For optimal DPDK network performance, the vCPUs used by OpenStack VMs should use physical cores that have been isolated from the host system. This is accomplished with kernel command line flags that inform the host system kernel that certain CPU cores should not have processes scheduled on them. In addition to the hugepage flags described above, add the following to the kernel command line: isolcpus=2-13 For a 14-core CPU, the above flag will remove pCPUs 2-13 from the scheduler but these CPUs will be available for OpenStack VMs.

One important thing to note here is that VMs on one NUMA node should have interfaces associated to PMD threads in that same NUMA node, otherwise there will be a significant a performance penalty.

OpenStack nova has two classifications describing how pCPUs should be allocated: shared, and dedicated. Shared pCPUs may be time-sliced to share among multiple VMs, whereas dedicated pCPUs are assigned solely to a single VM. To enable specific CPUs as shared or dedicated, use the following in nova configuration or devstack local.conf (again, using the 14-core CPU from above):

  • cpu_shared_set = 16,17,18,19,20,21,22,23,24,25,26,27
  • cpu_dedicated_set = 6,7,8,9,10,11,12,13

The above configuration tells nova that any CPU in the shared set may be shared among multiple VMs. Of the CPUs listed in the dedicated set, however, each may only be assigned to a single VM. Note that we have additionally included CPUs from the second NUMA node in the shared set, but not the dedicated set. This is because the DPDK-enabled interface in this example is on NUMA0 so any VM using DPDK should also be on that interface to prevent the need to pass data between sockets.
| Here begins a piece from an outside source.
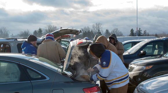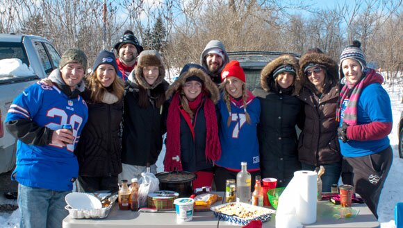 ORCHARD PARK, N.Y. — It’s three hours before kick-off, and the party has begun. Barrel fires are cracking to life. Grills are clicking on. The parking lot at Ralph Wilson Stadium smells like Sunday: hot dogs, sausages, breakfast toasted on thick pans over hot coals, a touch of whiskey to stay warm.

It's also important to note that pCPUS that are intended to be used by the DPDK PMD threads should be set in the devstack local.conf file:

Set affinity for OVS threads to cores 2 & 3 (0000 1100 = 0xC): OVS_CORE_MASK=0xC

Set affinity for PMD threads to cores 4 & 5 (0011 0000 = 0x30): OVS_PMD_CORE_MASK=0x30

For more information on setting OVS parameters in local.conf, refer to https://opendev.org/x/networking-ovs-dpdk/src/branch/master/doc/source/usage.rst

Set maximum MTU

With DPDK assisting network operations, network interfaces are able to improve their bandwidth, increasing the rate at which network packets may be sent onto the wire. But a typical network configuration limits the maximum throughput. In a typical ethernet network, the maximum transmission unit (MTU) is usually set to 1500 bytes. This means that packets larger than the MTU will be fragmented and sent as multiple packets, at the cost of aggregate throughput. To overcome this limitation, we can enable jumbo ethernet frames by modifying the MTU for every interface belonging to each “bottlenecked” datapath, be it DPDK or Linux interfaces, or interfaces inside the VM itself. Jumbo frame’s MTU size should be set to a higher value, up to 9000 bytes. Larger values for the MTU should enable increased bandwidth, but this needs to be adjusted for the local network environment since switches in the network also need to enable jumbo frames or risk further packet fragmentation.

To set MTU for a non-DPDK interface, execute the following command:

sudo ip link set mtu 9000 dev enp4s0f0

To set MTU for an OVS-DPDK interface, execute the following command:

sudo ovs-vsctl -- set Interface "enp4s0f0" mtu_request=9000

For more information, refer to http://docs.openvswitch.org/en/latest/topics/dpdk/jumbo-frames/ and to https://software.intel.com/en-us/articles/jumbo-frames-in-open-vswitch-with-dpdk.

Conclusion

We hope that your experience with OpenStack, Open vSwitch and DPDK has been made easier and that your overall performance was improved with the recommendations we’ve provided.